■ **WHAT TO DO**
Return the data that follows exactly. Include every line.

■ **DATASET EXCERPT**
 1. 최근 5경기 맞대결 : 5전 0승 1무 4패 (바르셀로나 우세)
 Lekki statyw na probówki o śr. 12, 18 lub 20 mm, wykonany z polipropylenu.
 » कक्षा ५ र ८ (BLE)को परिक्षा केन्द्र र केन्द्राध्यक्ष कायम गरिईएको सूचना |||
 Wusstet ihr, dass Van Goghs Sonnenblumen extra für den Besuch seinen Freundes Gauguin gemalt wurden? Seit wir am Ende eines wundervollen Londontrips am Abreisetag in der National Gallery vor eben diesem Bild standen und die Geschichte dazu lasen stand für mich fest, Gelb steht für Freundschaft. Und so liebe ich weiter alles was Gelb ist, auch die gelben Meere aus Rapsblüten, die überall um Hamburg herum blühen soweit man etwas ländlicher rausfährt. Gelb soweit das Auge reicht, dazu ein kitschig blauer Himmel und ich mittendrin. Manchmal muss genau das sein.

■ **RESPONSE TO THE TASK**
 1. 최근 5경기 맞대결 : 5전 0승 1무 4패 (바르셀로나 우세)
 Lekki statyw na probówki o śr. 12, 18 lub 20 mm, wykonany z polipropylenu.
 » कक्षा ५ र ८ (BLE)को परिक्षा केन्द्र र केन्द्राध्यक्ष कायम गरिईएको सूचना |||
 Wusstet ihr, dass Van Goghs Sonnenblumen extra für den Besuch seinen Freundes Gauguin gemalt wurden? Seit wir am Ende eines wundervollen Londontrips am Abreisetag in der National Gallery vor eben diesem Bild standen und die Geschichte dazu lasen stand für mich fest, Gelb steht für Freundschaft. Und so liebe ich weiter alles was Gelb ist, auch die gelben Meere aus Rapsblüten, die überall um Hamburg herum blühen soweit man etwas ländlicher rausfährt. Gelb soweit das Auge reicht, dazu ein kitschig blauer Himmel und ich mittendrin. Manchmal muss genau das sein.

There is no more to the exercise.